Dans ce cadre, on peut se féliciter de l’ambition portée par la position du Parlement européen. Elle intègre des outils clefs comme la géolocalisation et la mobilisation des outils d’observation satellite pour lutter de façon effective contre le fléau de la déforestation, en particulier dans les forêts tropicales qui sont des réservoirs de carbones à préserver de toute urgence. La Commission européenne devra construire des outils accessibles aux opérateurs économiques s’appuyant sur l’imagerie sattellite leur permettant d’analyser l’impact de leur chaine d’approvisionnement, ce qui constitue un outil inclusif et concret pour lutter de façon tangible contre la déforestation. Il s’agit d’une avancée concrète qui devra être reprise dans les négociations avec les Etats membres.

La liste des produits couverts par la proposition de la Commission est étendue à des matières premières, et à leurs co-produits, ce qui est un pas en avant, par exemple les dérivés de l’huile de palme (POME & PFAD). Et la définition de l’élevage est améliorée, permettant de s’assurer que l’ensemble du processus soit bien couvert et non pas seulement la dernière étape. On peut regretter que la canne à sucre doive attendre une révision de cette règlementation avant d’être couverte. 

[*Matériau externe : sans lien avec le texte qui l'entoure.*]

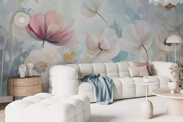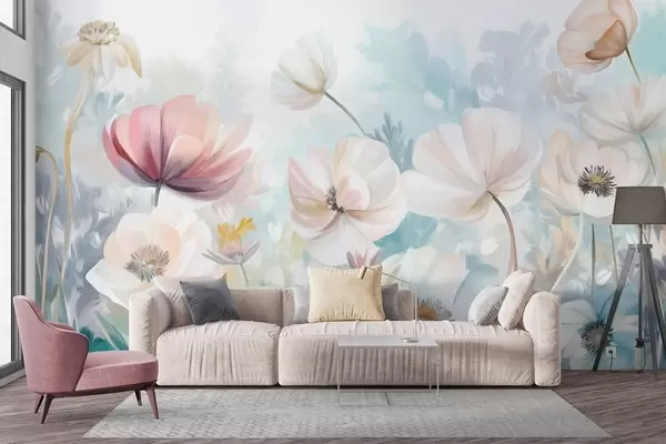 Fototapety Pole pastelově zbarvených květin s jemnými okvětními lístky a měkkými zelenými listy, namalované ve snovém, texturovaném akvarelovém stylu Č. w09481

Ces deux textes portent une ambition commune: construire les jalons pour une utilisation durable de la production agricole. L’ambition du Green Deal ne revient pas à mettre l’environnement sous cloche, ni à transférer la production européenne ailleurs dans le monde, mais à mobiliser de façon durable nos écosystèmes agricoles, en résistant aux arguments simplistes de la décroissance, et en offrant des outils règlementaires concrets aux acteurs économiques pour avancer sur un chemin de progrès. Ces avancées positives doivent être prises en compte, par la Commission européenne, pour les prochaines étapes de la Farm to Fork, qui doit tourner le dos à la tentation de la décroissance, mais au contraire ouvrir la voie à une mobilisation durable des capacités de production de l’Union, notamment par une optimisation des cycles du carbone.